Can you write me more info?
Go into engineer menupen dialer and type *#*#2846579#*#*
ProjectMenu --> 2. Veneer information query --> 1. S/H version query

I need:
1.AMSS version number 
4.EFS version number
7. APP version number


----------



## grayironman (Jun 26, 2014)

it's ok right now mate..i manage to overwrite mms.apk and by making it as system app now my phone came back as new..the only problem i have right now is how can we flash the official firmware from huawei?


----------



## Roman Dmitriev (Jun 26, 2014)

grayironman said:


> it's ok right now mate..i manage to overwrite mms.apk and by making it as system app now my phone came back as new..the only problem i have right now is how can we flash the official firmware from huawei?

Click to collapse



You should restore stock recovery for flashing official firmware.


----------



## glycergic (Jan 29, 2014)

I just bought a Huawei Ascend G526 phone.

Am thinking of starting to make a custom rom for it, because it doesn't seem to be a popular device and thus there's no nice ROMs for it.

But I have some questions. Since it would be my first android rom dev project.

I want to know which other phone is very similar to it (is the 525? P1?). This, to know if I could start from a different already developed rom.

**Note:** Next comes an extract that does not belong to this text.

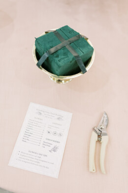 While the event goers were getting settled, Taylor gave a rundown of the proceedings, starting with a live demonstration of how she creates table arrangements, specifically in a low, bowl-style vase with floral foam. We watched, amazed, as Taylor crafted a perfect bouquet, explaining her technique as she went along and advising us to follow these steps:

Any interest to cooperate?


----------



## grayironman (Jun 27, 2014)

*flash*



Roman Dmitriev said:


> You should restore stock recovery for flashing official firmware.

Click to collapse



i did that already but still had the same result.. mate do have stock recovery for huawei G526-L11? i have here stock recovery but it is from L22


----------



## Roman Dmitriev (Jun 27, 2014)

grayironman said:


> i did that already but still had the same result.. mate do have stock recovery for huawei G526-L11? i have here stock recovery but it is from L22

Click to collapse



The recovery for L11 and L22 the same.

I'll try to tell what I know about Huawei firmware.
*Stock firmware have some additional info inside:*
1. Version and region of software which applies to.
2. Version and region of bootloader which applies to.

*Some info about flashing stock Huawei firmware via standard recovery with local update.*
You got stock recovery but that not all. There are many other reasons why you can't flash:
1. You already flashed custom firmware via cwm and now your phone have firmware version from L22. So now you can flash only L22 firmware.
2. The software system on your phone now marked region from custom firmware that you flash. So now you can flash only L22 firmware same region flashed via cwm firmware.
3. Your bootloader may have original version from stock firmware (it's based on flashed custom firmware). If so, bootloader have region differs from software system. And you need a stock firmware which applies to phones with one software region and another bootloader region. I think there is no such stock firmware.

*Update via OTA.*
The hardware system on your phone have original region and that region used when checking OTA updates. But there is won't be any update for updating firmware from different region that already flashed via cwm firmware.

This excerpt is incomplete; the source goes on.